Review: Merry Gentlemen

Merry Gentlemen
Merry Gentlemen by Josephine Myles
My rating: 4 of 5 stars

Cute, fun, and lots of campy singing. What else does a holiday novella need? Myles is a great author and she’s once again delivered with this entertaining and enjoyable story about a city-slicker who falls back in love with his country ex. The two may live seemingly very different lives but the power of love wins out. The characters are adorable and the story reads incredibly fast. There’s enough minor action and witty dialogue to keep the pages turning. The ending is a bit optimistic and overly simplified to be believed but I like the concept of love winning out anyway. I especially appreciated the touch with the cranky gull.

Riley is working his way up the city council ladder and has agreed to be the market manager during Bath’s yearly Christmas Market. It’s a stressful and often thankless job but Riley is determined to preserve and get a promotion at the end. Together with his trusty sidekick and elf, Janine, Riley heads off to greet the stall owners and comes across his ex, Stan. Stan is the only man to ever break Riley’s heart and he’s never gotten over him. Stan is much happier in the isolated country doing his woodworking while Riley is a campy, city lover. The two seem like opposites but their chemistry may not be the only thing they have in common.

The novella is a quick read with mild action and a lot of fun scenes. Right away Riley charms with his disgruntled interaction with a city gull and this never lets up. From preening in inappropriate fashion to spreading joy in a Santa suit to stripping in a Merry Balls thong, Riley is a bundle of energy. He clearly thrives off interactions with others and loves the attention. He also loves Stan, a more taciturn man that feels caged by the hustle and bustle of the city. Stan and Riley have considerable chemistry and there’s definite love in their quieter moments as well. It’s clear the two still love each other and want each other but feel trapped but opposing needs.

Here I think the novella did a great job characterizing both men and showing who they truly are at the core. They simply are different people that want and thrive off different things. Riley is not the camping type while Stan really does yearn for the simplicity of the woods. The story does a reasonably good job of showing how the two make it work but I think this is more of a fantasy wish than reality. Perhaps the story did too good a job showing their differences because I never really believed they could make it work as a couple. They simply want different things.
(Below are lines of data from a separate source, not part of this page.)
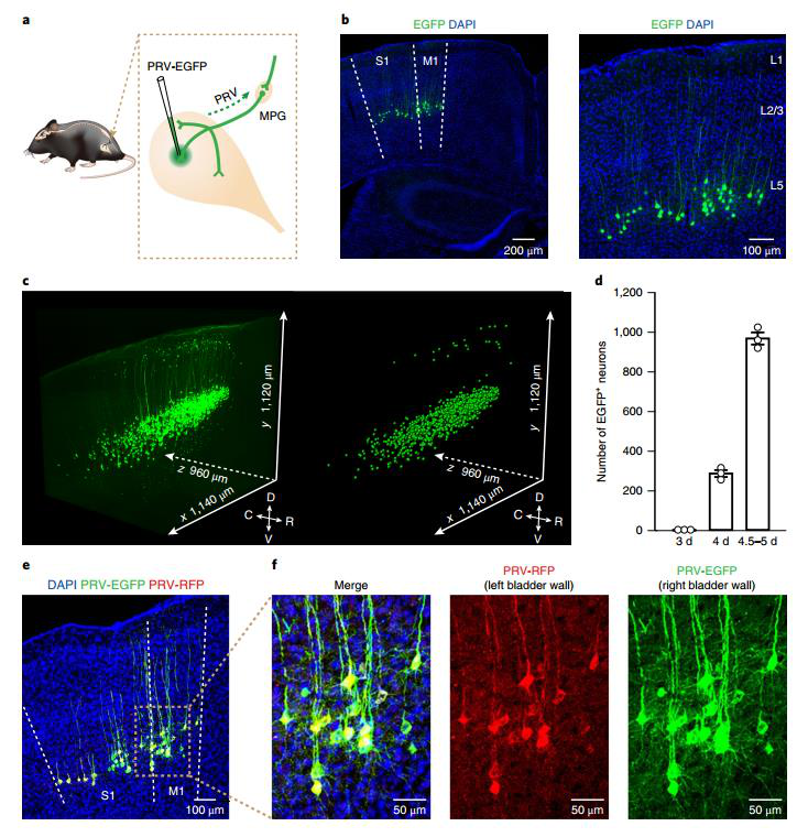 实验方法和结果:将PRV-EGFP注射到小鼠膀胱壁后,在皮层S1/M1 L5锥体神经元观察到EGFP信号。分别将PRV-EGFP与PRV-RFP注射到小鼠右侧和左侧膀胱壁,在皮层S1/M1 L5锥体神经元观察到EGFP和RFP共同表达。表明PRV-EGFP、PRV-RFP无差别逆行跨多级到皮层S1/M1 L5锥体神经元,皮层S1/M1 L5锥体神经元为支配膀胱壁的上游脑神经元群。
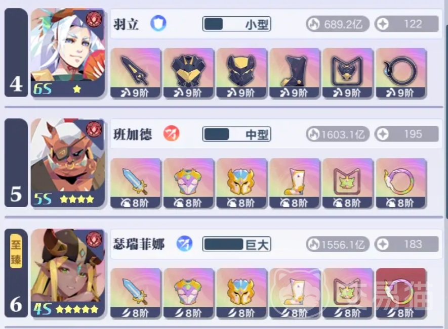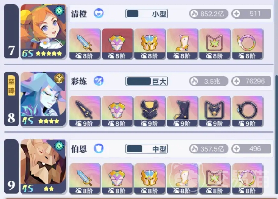 最后推荐的完全体九人阵容则是“达摩+黑德斯+卡洛斯+羽立+班家德+瑟瑞菲娜+彩练+清橙+伯恩”。
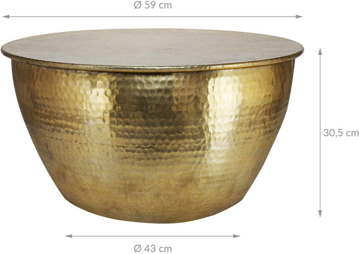 Elk stuk is uniek! De metalen salontafel in trendy gehamerde look van WOMO DESIGN brengt een vleugje van de Oriënt in uw huis! Het oppervlak is met de hand bewerkt en ziet er door de kleine oneffenheden en het kleurenspel bijzonder authentiek en exotisch uit.
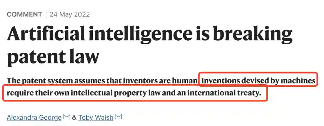 最近,来自澳大利亚新南威尔士大学的两位作者在Nature发表评论文章,称世界各地的政府都应为人工智能设定知识产权法,为它们提供申请专利的权利。
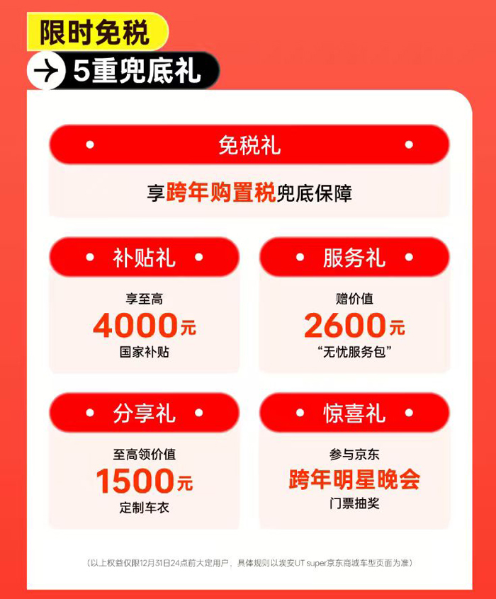 埃安UT super此次推出的“限时免税5重兜底”政策,主要面向12月31日24点前大定的用户。内容包括:若因厂商生产、运输等非用户原因导致车辆在2026年2月14日前完成开票交付,所产生的购置税差额将由厂家补贴,享受跨年购置税兜底保障;整车购买可享4000元补贴,电池租用模式购车可获2000元补贴,进一步降低购车门槛,让刚需用户轻松上车;赠送价值约2600元的无忧服务包,涵盖洗车、养护等项目,覆盖用车养车全周期;此外还提供最高1500元的定制车衣以及抽取京东跨年晚会门票的机会。

This didn’t detract from my enjoyment of the book though. It’s well written with clear British flair that I really like. The dialogue is witty and entertaining and there are a multitude of secondary characters to flesh out the story. The gull especially is an inspired detail. I probably wouldn’t read it again because I just couldn’t buy into the ending but I really enjoyed it regardless. The pages flew by and I was sad to say goodbye to two such charming and delightful characters. As always I look forward to more work by Myles. I’ve yet to read a story I didn’t like by her.